Top of Extracted material

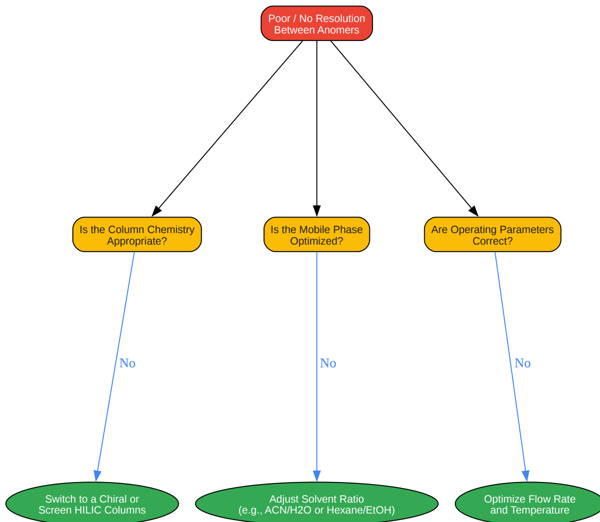
Troubleshooting Workflow for Anomer Separation

Click to download full resolution via product page
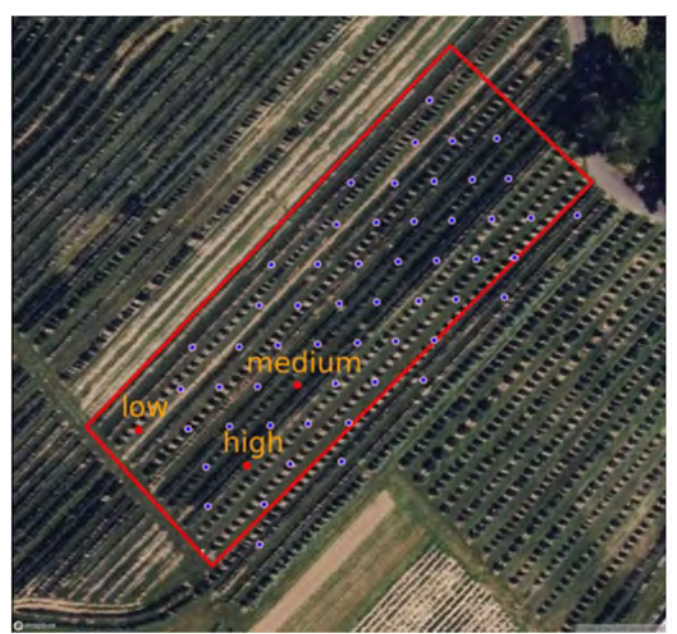
Example of High sample apple tree as seen but the Outfield drone flyover
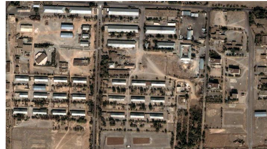
Figure 2. The original image

The described methodology has been applied on QuickBird multi spectral images of an urban area in Isfahan city (figure 2). As observed, this image includes buildings with different size, roof, shape and arrangement.
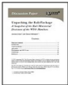
Unpacking the Bali Package: A Snapshot of Bali Ministerial Decisions of WTO Members
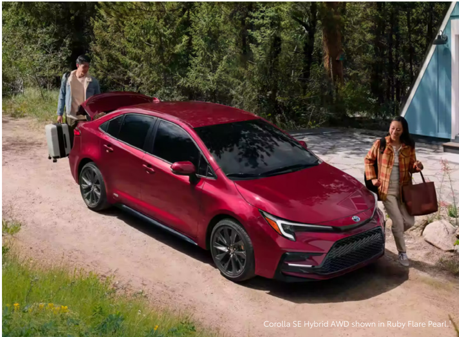
Corolla SE Hybrid AWD shown in Ruby Flare Pearl.
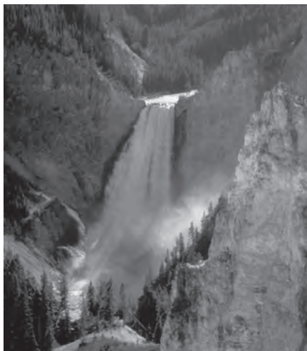
Lower Falls of the Yellowstone River

The spectacular Grand Canyon of the Yellowstone, including Upper and Lower Falls of the Yellowstone River, can be seen from the overlooks and trails of the Canyon Village area, and from the Tower Fall and Calcite Springs overlooks south of Tower Junction.
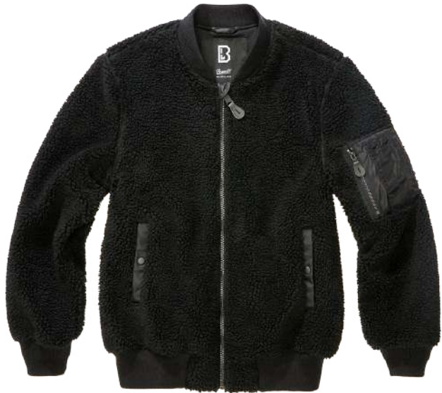
11002 · black
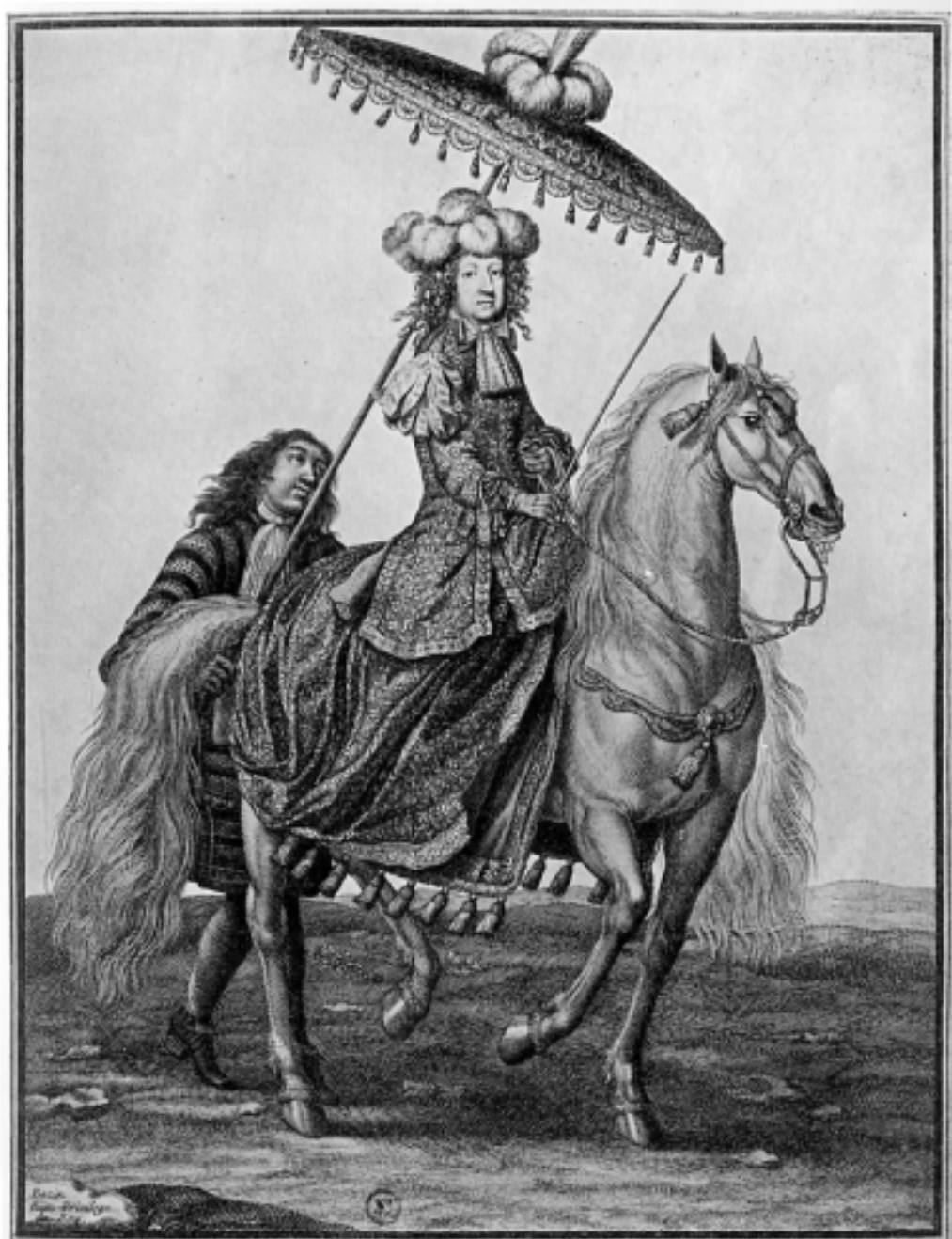
Marie Thérèse d'Autriche. Reine de France & de Navarre.
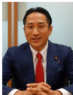
Hon. Ryuhei Kawada
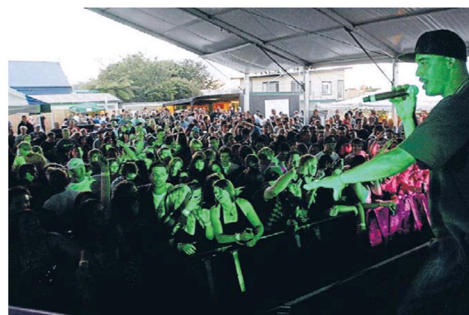
Live entertainment in the township adds a social buzz to a visit.
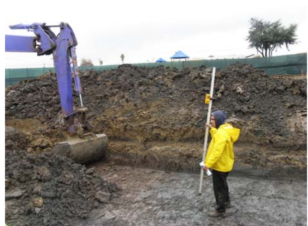
Increment 1A-Over-Excavation Additional 1'-0"
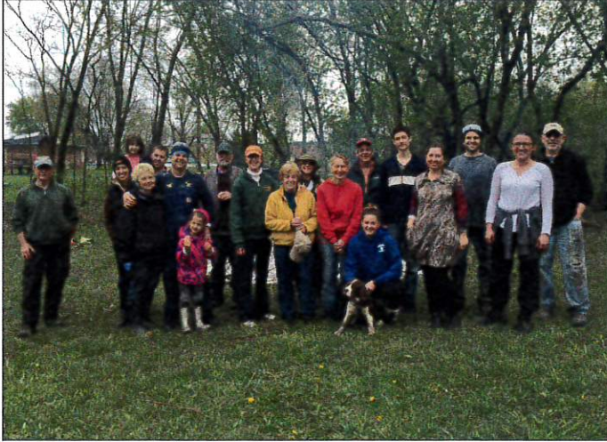
Fall of 2016. Tully park and PHNRC volunteers
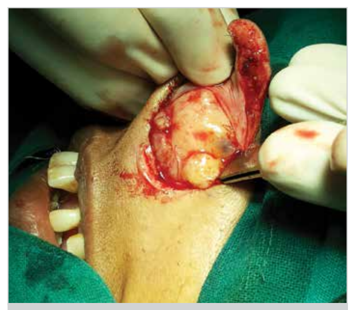
Figure 3. The lateral rhinotomy incision, elevated flap, and mass occupying the nasal cavity with an attachment on the septum

Histopathologic examination showed the presence of respiratory epithelium with the absence of capsules (Figure 4). A high-power examination showed a tumor with spindle cells arranged in the Antoni A pattern and Verocay bodies, suggesting a schwannoma.
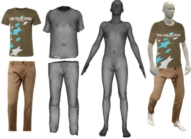
Figure 2. Given regular online retail store images, our method can automatically produce textures for pre-defined garment templates, that can be used to virtually dress SMPL [39] in 3D.

human models (SMPL [39]) to images [12, 3, 1], but texture quality quickly deteriorates for complex poses. Other works map texture to 3D meshes [65, 21, 37, 50] by 3D scanning people, but the number and variety of clothing textures is limited because 3D scanning is time consuming.
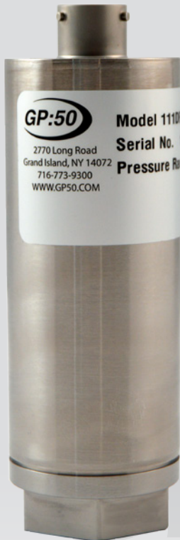
Model 111 / 211 / 311 Industrial Grade Pressure Transducer
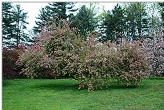
Bob White Flowering Crab in bloom
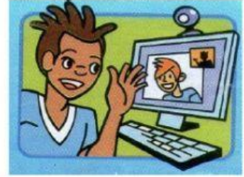
USE A WEBCAM
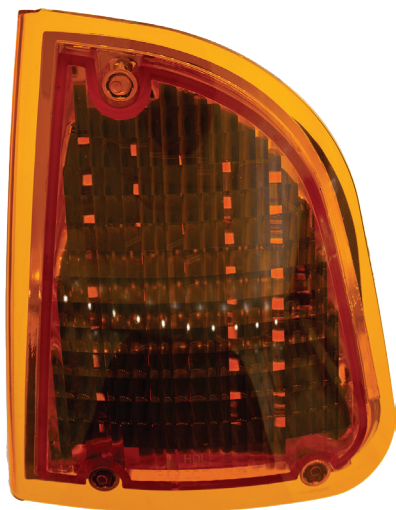
HD67045LY 45 LED
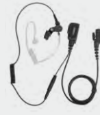
Earpiece with on-MIC PTT & Transparent Acoustic Tube(Black) EAN23*
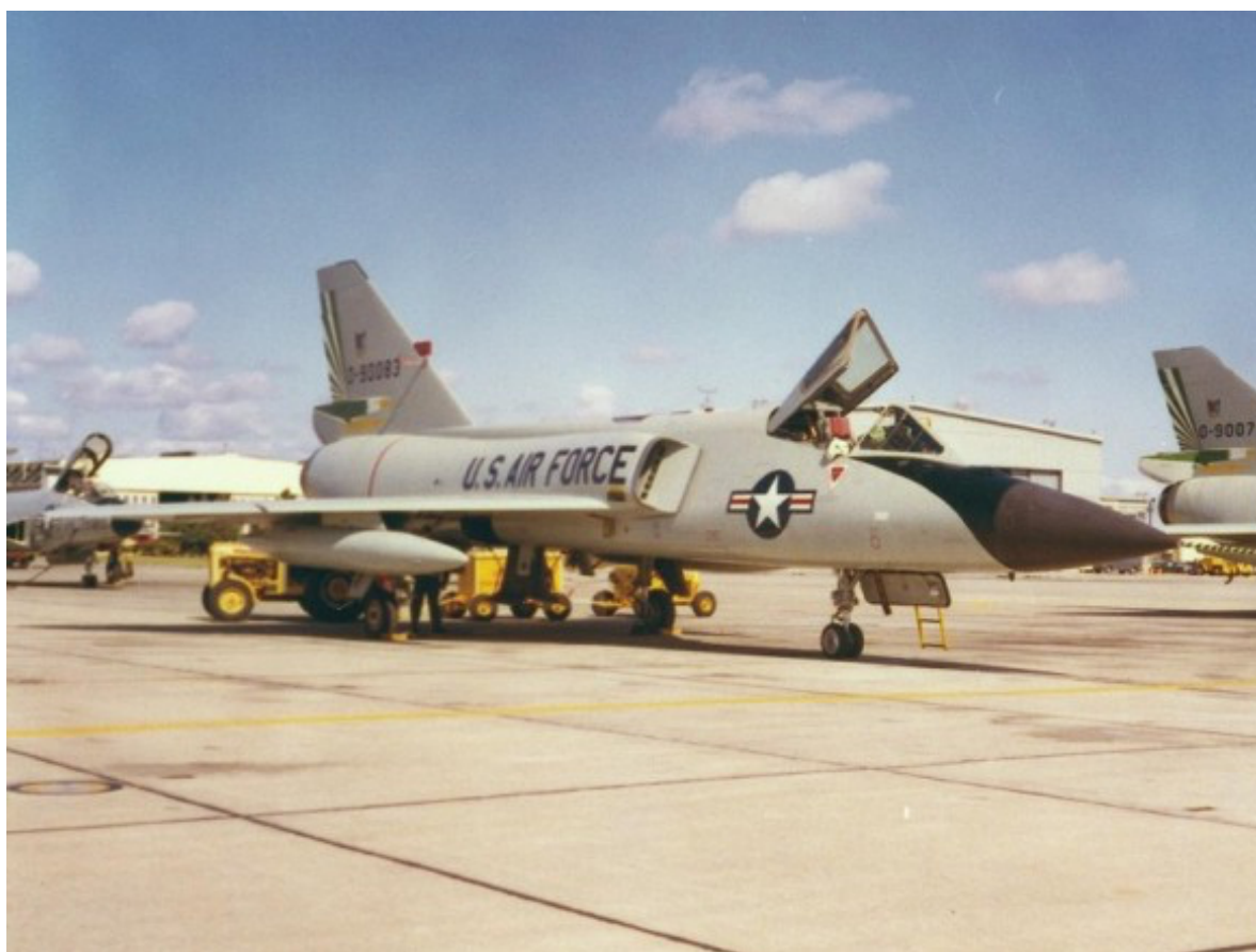
49 Fighter Interceptor Squadron F-106
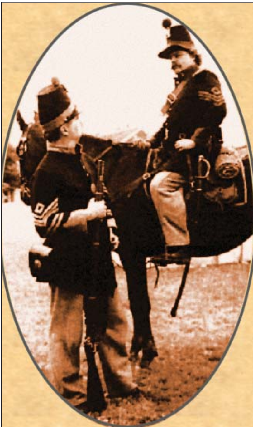
1st Sgt., 5th U.S. Infantry 1st Sgt., 2nd U.S. Dragoons (mounted)
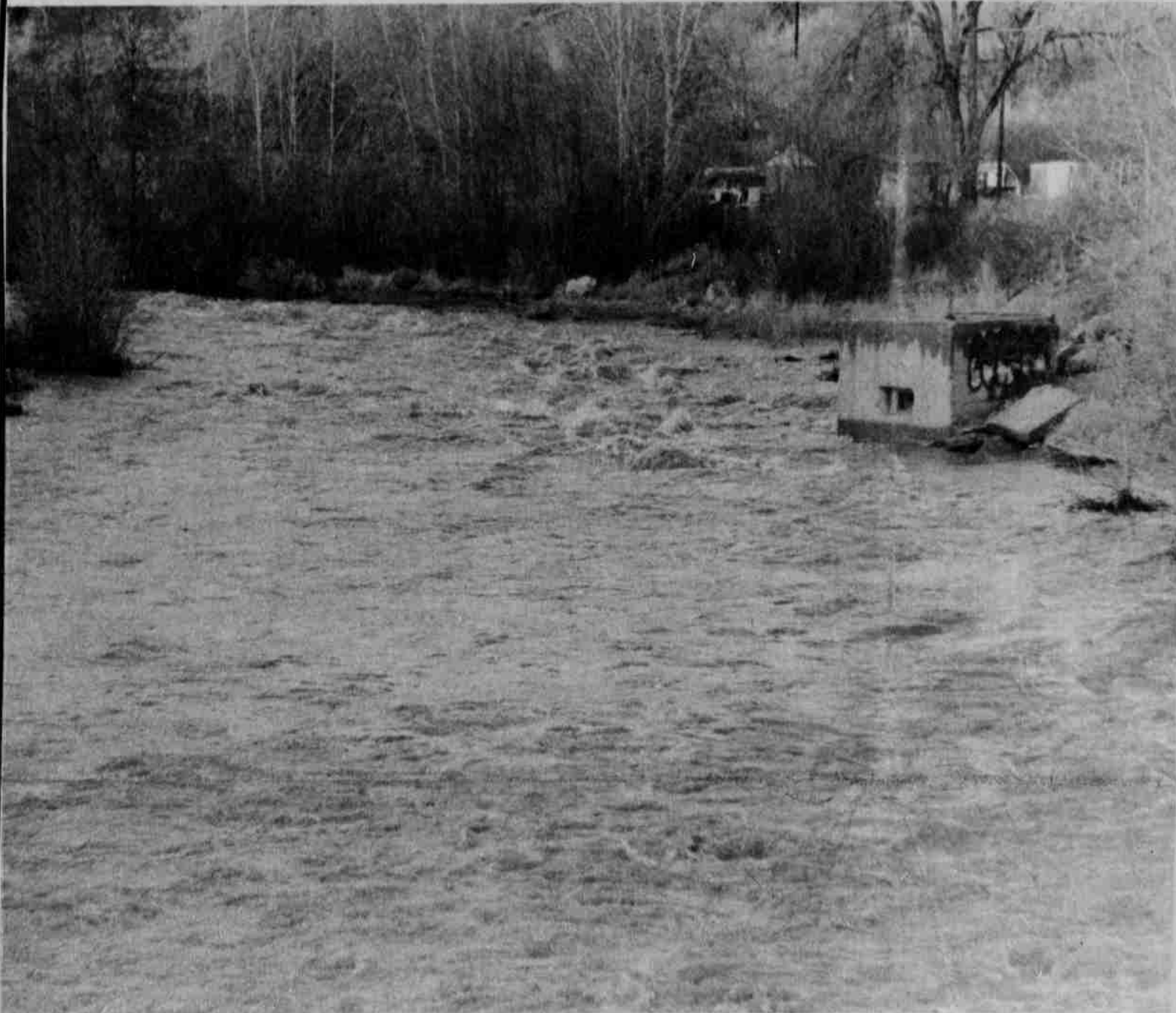
Roaring muddy waters caused by heavy rain that fell during the week. It polluted Shitike Creek and the surrounding area.

Bottom of Extracted material

→ Brief
Everything from the top line of the data down to and including the line with "Figure 2. The original image" is to be copied, except the pictures.

→ Solution to this exercise
Troubleshooting Workflow for Anomer Separation

Click to download full resolution via product page
Example of High sample apple tree as seen but the Outfield drone flyover
Figure 2. The original image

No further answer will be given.